Ivan Merrow exprime le point de vue d’un étudiant sur la nécessité de l’innovation dans le domaine du droit. Il expose aussi son plan visant à ce que les étudiants en droit adoptent la cause et commencent à façonner les modalités de l’exercice du droit.

 « Law Students for Technology and Innovation (LFTI) est une organisation étudiante que Nikolas Sopow et moi avons créée cette année à la Faculté de droit de l’Université Queen’s. Nous nous passionnons pour la recherche de meilleures manières de fournir des services juridiques. Nous sommes étudiants en droit, mais je ne redoute pas les changements à venir dans le milieu juridique canadien. En trois semaines, nous avons recruté quatre dirigeants de plus, et nous continuons de prendre de l’essor. D’ici 2015, nous prévoyons avoir des clubs LFTI dans chaque école de droit au Canada. »

Director of Innovation for Law Firms?

(Un directeur de l’innovation dans les cabinets juridiques?)

Mitch Kowalski voudrait que les cabinets juridiques créent des postes de directeur de l’innovation.

 « Le monde est dynamique et impitoyable. Si les cabinets juridiques ne se décident pas à innover, d’autres le feront. »

Who’s eating law firms’ lunch?

(Qui mange le pain des cabinets juridiques?)

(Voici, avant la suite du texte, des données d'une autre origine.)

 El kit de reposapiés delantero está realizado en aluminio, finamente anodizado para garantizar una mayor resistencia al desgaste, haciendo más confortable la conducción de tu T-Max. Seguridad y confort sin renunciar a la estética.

Rachel Zahorsky et William D. Henderson traitent des fournisseurs de services juridiques qui se spécialisent dans un processus donné, exploitent la technologie et recourent à des non-avocats.

Voir aussi des exemples d’innovation réussie :

Murthy Law : Cabinet spécialisé en droit de l’immigration, fondé par une femme, qui offre gratuitement une abondante information juridique en ligne. Son site Web est le site juridique le plus visité au monde.

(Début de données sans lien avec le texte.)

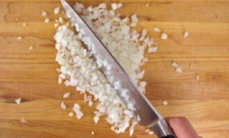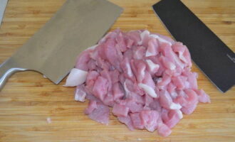 Hak het vlees zoals gehakt, maar het is beter om het met een mes te hakken, zo krijg je een aangenamere consistentie voor de vulling.

WeVorce : Service abordant le divorce de façon collaborative, avec un avocat-médiateur guidant les deux parties pour un prix forfaitaire.

Cognition : Une organisation canadienne qui a une structure allégée conçue pour répondre à la fois aux exigences externes (des clients) et aux exigences internes (des avocats) : « en laissant nos avocats maîtres de leur horaire, nous sauvons aussi des mariages, sans parler de la santé d’esprit ».